Iceberg's open table format allows you to read and write Foundry Iceberg tables using external engines.

The below code example uses PyIceberg ↗ to create a Foundry table from a Jupyter® notebook running on your computer. You can create a Foundry table with any external engine that supports Iceberg REST catalogs.

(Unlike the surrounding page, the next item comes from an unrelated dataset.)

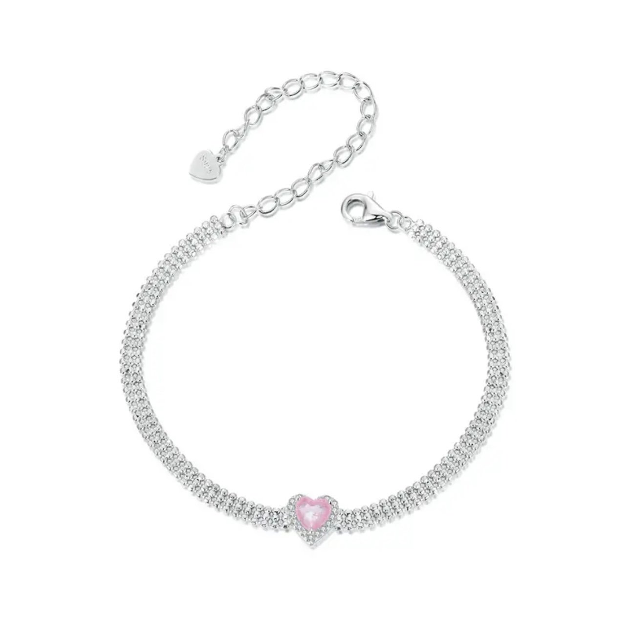 Prata 925. Pedras em Zircônia Cristal e Rosa. Comprimento da pulseira: Ajustável (15 cm + 5 cm).

from pyiceberg.catalog import load_rest
from getpass import getpass
import pyarrow.parquet as pq

# Create catalog client to create, load, and explore Iceberg tables in Foundry
catalog = load_rest(
    'foundry',
    {
        'uri': 'https://<your_foundry_url>/iceberg',
        'token': getpass('Foundry token:')
    }
)

# Read local Parquet file into Arrow table
df = pq.read_table('/<local_filepath>/example_data.parquet')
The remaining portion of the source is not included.